Editorial
FG And Kerosene Scarcity
Like a festering sore, the issue of kerosene scarcity had persisted at various times in different parts of the country. Sometimes, the product, otherwise known as Dual Purpose Kerosene (DPK), would be so scarce that many Nigerians are compelled to seek various alternatives.
In such circumstance, the privileged resort to the use of gas not minding its high-risk value while the less privileged embark on various methods of extracting dry firewood, including bush burning from the already depleted forests. Some even surrender to the use of charcoal for cooking.
But while the kerosene scarcity persists, its negative consequences are usually most unfortunate. Some callous businessmen cash in on the situation to adulterate the little quantity in circulation. And like a keg of gun power awaiting ignition, massive fire explosions claim many lives and raze houses.
In Rivers State, the effect has not been less severe. Not too long ago, a 12-year old Hope Fadae was flown to South Africa for medical treatment after a weekend kerosene explosion that killed his parents and three siblings. The list of victims and casualties is endless as adulterated kerosene-induced explosions had claimed lives at Abonnema Wharf, Eagle Island, Railway Quarters and other parts of the state.
Early in the year when kerosene scarcity resurfaced in Port Harcourt, about eight people lost their lives to kerosene explosion, and no fewer than 5,000 residents of Elechi Beach were rendered homeless.

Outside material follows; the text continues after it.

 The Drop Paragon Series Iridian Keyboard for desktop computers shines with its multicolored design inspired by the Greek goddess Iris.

Once more, Dual Purpose Kerosene has disappeared, and its absence is biting hard on the users as the product is either not seen or available at extremely exorbitant prices above the reach of the common people. The Tide’s recent market survey indicates that a litre of kerosene which officially sold for N2,400 is now N4,300 while a bottle rose from N100 to N300. As usual, reasons have been adduced for the scarcity.

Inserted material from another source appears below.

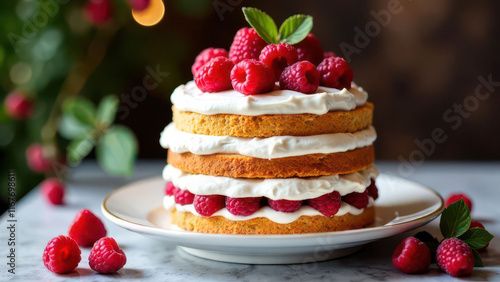 Layered raspberry cake with whipped cream and fresh mint garnish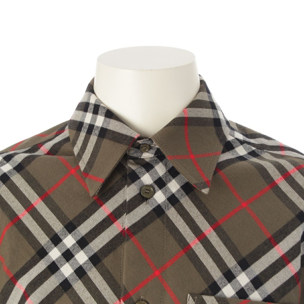 バーバリー ヴィンテージ コットン ノバチェック ボタンダウン 長袖シャツ 胸ポケット トップス カーキ L

While government officials said the post-election violence in the Northern part of the country was responsible, officials of Independent Petroleum Marketers Association of Nigeria (IPMAN) argued that the partial deregulation of the product was reason for the scarcity. The IPMAN’s South East Zone Chairman, Chief Chukwudi Ezinwa, explained that while petrol is still subsidised, kerosene is partially deregulated.

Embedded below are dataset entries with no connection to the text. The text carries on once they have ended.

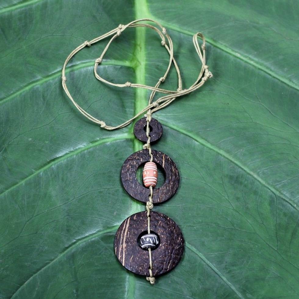 Coconut Shell Pendant Necklace 'Bold Africa' Item ID: 2671807146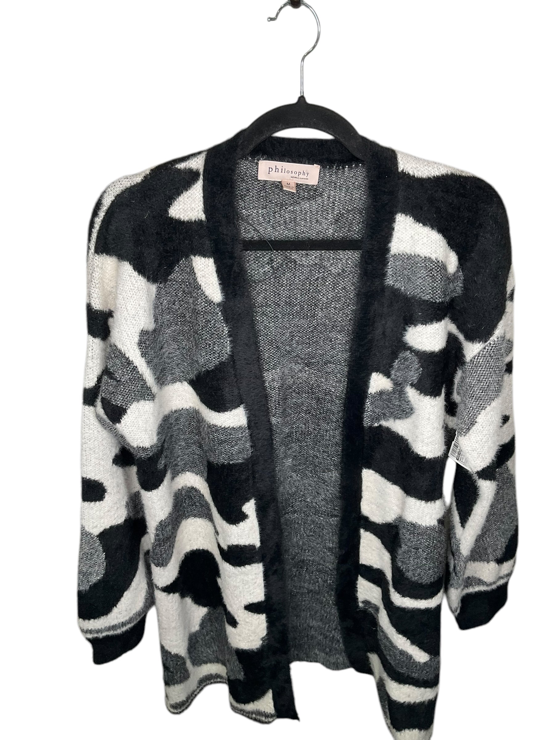 Sweater Cardigan By Philosophy In Black & White, Size: M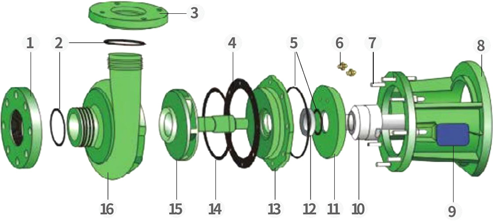 16 Centrifugal pump katawan ng bomba FRPP.PVDF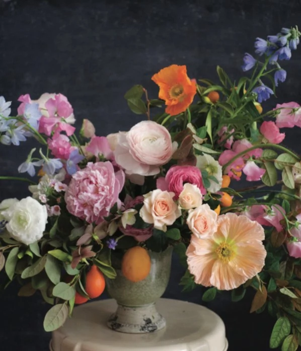 Kiana likes to follow the curves and shapes of the blooms, creating a look that’s both refreshing and timeless, the natural flow of the flower from the vase highlighting its fleeting, evanescent nature. ?I like to think about my arrangements as if I just picked them from the garden and dropped them in the vase,? she explains. ?While it’s a bit more complicated than that, I think that my use of asymmetry, as well as unique floral varieties and fruits, is very natural. True ?garden style?.?

Be that as it may, we are more concerned on government’s move to find a lasting solution to the scarcity, and give succour to the already over-stretched masses whose lives ultimately depend on use of kerosene without alternatives.
While we are not oblivious of the long term benefits of deregulation to the people and the economy of the nation, which include availability and quality content of the product, we make haste to say that the Federal Government should, as a matter of urgency, make a bold and definite statement on the nagging issue of deregulation while taking serious action to address the life-threatening situation.
Agreed, it is not unlikely that the post-election violence in some parts of the North may have contributed to the difficulty in procuring and circulating the product within the period, its lingering effect could not have escalated to the current magnitude as witnessed in various parts of the country. Even so, the fact that the scarcity has persisted in the South East, South South and South West, which did not witness any post-election violence gives room for more answers to this troubling enigma.
Nevertheless, we urge government not to relent in seeking measures to cushion the harsh effects of the scarcity and the exorbitant price of kerosene on the people. In fact, we insist that government should introduce economic policies that would benefit the masses and also ensure that corrupt officials do not hijack the process and impoverish society the more. For instance, several poverty alleviation programmes introduced in the past were abused as there became conduit pipes for siphoning government funds.
Unless this is checked, the years of sacrifice and unquantifiable contributions of the oil-bearing communities in the Niger Delta would be in vain, if nothing is urgently done to ensure that they are not starved of the end-product extracted from their soil, even if they must pay for it.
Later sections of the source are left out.